Extraordinary filing shows banks are on the ropes in FHFA cases

There’s a cloud of desperation over most petitions for a writ of mandamus. These are, by definition, extraordinary filings, asserting that trial judges have committed such egregious abuses of discretion that their appellate overseers must immediately step in and undo the damage. Mandamus petitions are a last resort. They present the downside risk of inciting a trial judge who’s already ill disposed toward you and compromising your credibility at the appeals court. The upside, meanwhile, is remote. Appeals courts grant mandamus very, very rarely.

You can be sure that all of these considerations were taken into account by the 15 banks that filed a stunning joint mandamus petition late Tuesday night, asking the 2nd Circuit Court of Appeals to reverse “gravely prejudicial” pretrial discovery rulings by U.S. District Judge Denise Cote in the Federal Housing Finance Agency’s mortgage-backed securities litigation. It’s my understanding that the banks and their lawyers have been debating the pros and cons of a mandamus petition for months and have been honing the language of the filing for weeks. (Can you imagine the billable hours expended on the conference calls for this joint filing?) Certainly, the banks knew that the odds of succeeding with their petition only got longer in January, when the 2nd Circuit denied mandamus to Arab Bank, reiterating the appeals court’s “expressed reluctance to issue writs of mandamus to overturn discovery rulings” – which is exactly what the banks are asking the court to do in the FHFA cases.

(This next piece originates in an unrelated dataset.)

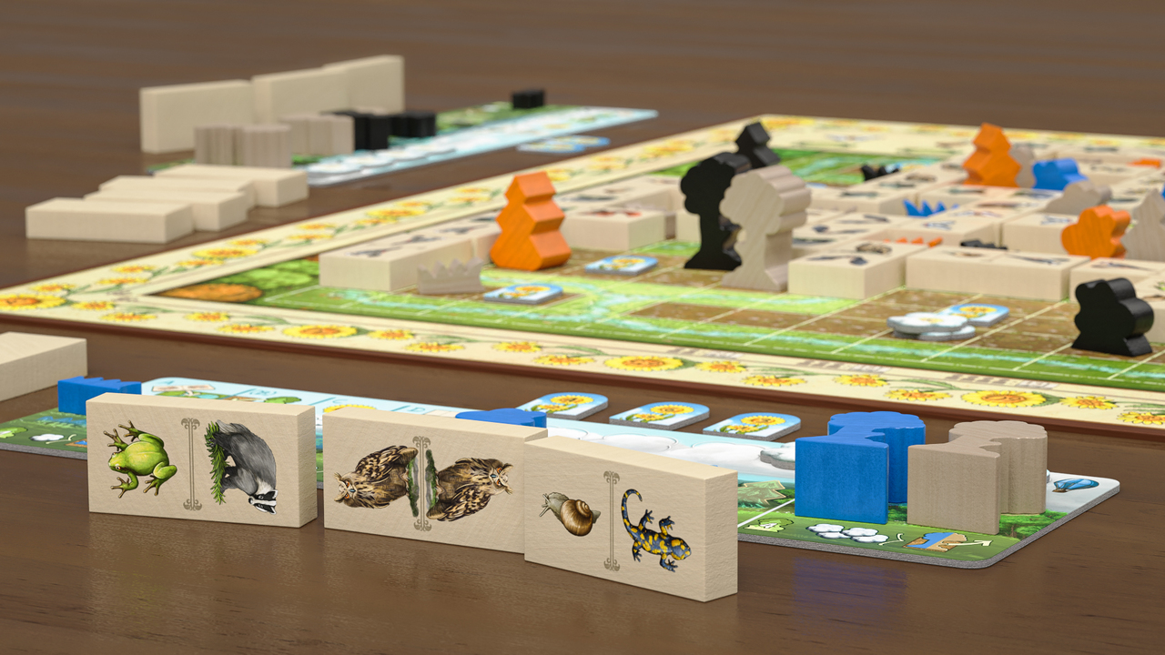 En Renature cada jugador recibe un tablero con piezas de madera en forma de césped, arbustos, pinos y robles, estas se utilizarán para las mayorías en el tablero del Valle. También se tendrán unas fichas de dominó con animales. En tu turno colocarás una ficha de tu mano en dos lugares de arroyo del tablero de valle. Debe de coincidir con otro animal adyacente. Cuando se bordea el área marrón se puede colocar una de nuestras plantas y se ganarán puntos en función de las plantas que se tengan. Cuando el área marrón está cerrada por las fichas de animales, se calcula la mayoría y se reparten los puntos. Los puntos son flores que se contarán al final de la partida. La partida termina cuando se acaban las fichas de dominó.

It’s very hard, in other words, to read the banks’ mandamus petition as anything but a signal of deep fear about their exposure to claims involving more than $200 billion in mortgage-backed securities, in cases that they themselves describe as “perhaps the largest collection of securities litigation ever filed in the United States.” The banks and their counsel, the elite of the securities defense bar, obviously believe that the slim chance of relief from the 2nd Circuit outweighs the risk of the filing. If they win mandamus, that will have been brilliant strategy (and I’ll eat my words). In the far more likely scenario, though, they’ll lose on mandamus and face trial dates beginning in January 2014, when Cote is scheduled to hear FHFA’s claims against UBS.